I want to bend some springs for some Manual switch track gear.

Is there any kind of special trick to bend or treatment after to make spirngs for my switch Track Stands?

Any one got examples of springs they made using Piano Wire?

jj


----------



## Jack - Freshwater Models (Feb 17, 2008)

John 

What kind of spring? Compression, tension, torsional, etc. Spring making is sort of an art and I haven't had much luck with it. I usually buy compression springs from McMaster Carr on line. Some home improvement stors have springs in their fastener section. The British model press has published various books on spring making. There is a small simple tool for making coil springs but I haven't seen one. 

Jack


----------



## John J (Dec 29, 2007)

I need a push pull spirng for my swiches for my sidings. I need it to apply presure to the slide bar when it is set for main line and pulling presure when it is set for the siding


----------



## docwatsonva (Jan 2, 2008)

John,

Here's one manual switch (SSV) I made using piano wire.











As you can see, it's just a straight piece of piano wire. When switch is thrown, the wire bows a little thus applying pressure. The screw where the wire is attached is adjusted so the switch applys pressure when pulled back.

I've seen many installations where the person simply bent the wire into a "V" shape. This will also put enough pressure on the throw to hold it firmly in place. The amount of tension will obviously depend on the gauge of the wire. I can't tell the guage of the wire I used but it was pretty thin.

Doc


----------



## Pete Thornton (Jan 2, 2008)

I've seen many installations where the person simply bent the wire into a "V" shape 
The indoor solution is to use (most of) a safety pin. Cut off the point and the top loop and you have a simple spring. It will hold the points in position. 
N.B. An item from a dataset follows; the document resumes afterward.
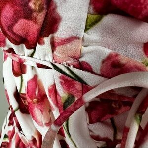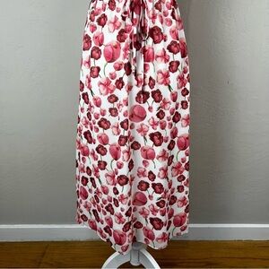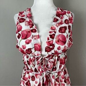 Samantha Sipos Strawberry Floral Chiffon Tie Front Pink White Midi Dress Size Small
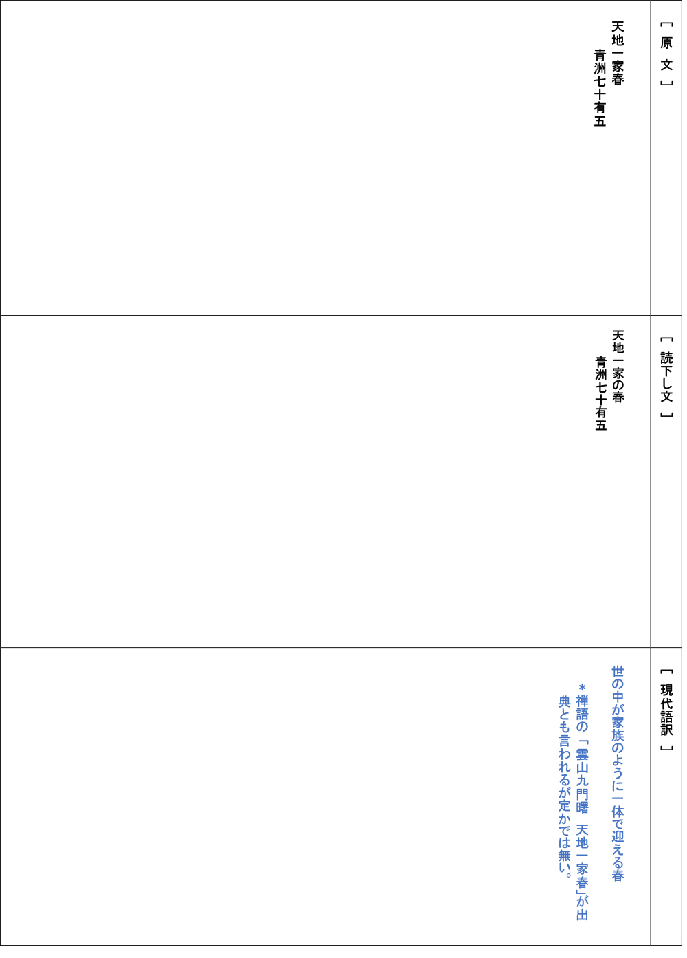 - 青洲の遺墨の語句等の出典は、概ね経書(詩経・易経・春秋左氏伝・論語・孟子等)、

The homemade version is an 'omega' loop, where the wire is bent into a 3/4 circle (like the greek omega) whichgives it the same ability to spring. 

Piano wire is tough to bend and will rust outdoors. I think you can heat it (red hot) to make it malleable, then heat it after bending and quench it while hot in water - isn't that how they make swords in the movies? 

I personally prefer phosphor-bronze wire, which is rigid, springy and non-ferrous. I get it from the trolley guys, who use it as trolley wire.


----------



## Totalwrecker (Feb 26, 2009)

A few tips on bending piano wire or spring steel. 

To soften; heat to cherry red and let cool, then bend, if you bend it while red hot it can crack, not always, just when it shouldn't. 
To harden; heat to red hot and quench in cold water, if using ferrous metal, have a thin layer (1/32" or less) of light machine oil on top. This helps prevent internal oxidation.. 

Don't use a pure oil bath, the steam from the water disipates the oil's fumes and prevents or quickly douses any flames. 

John


----------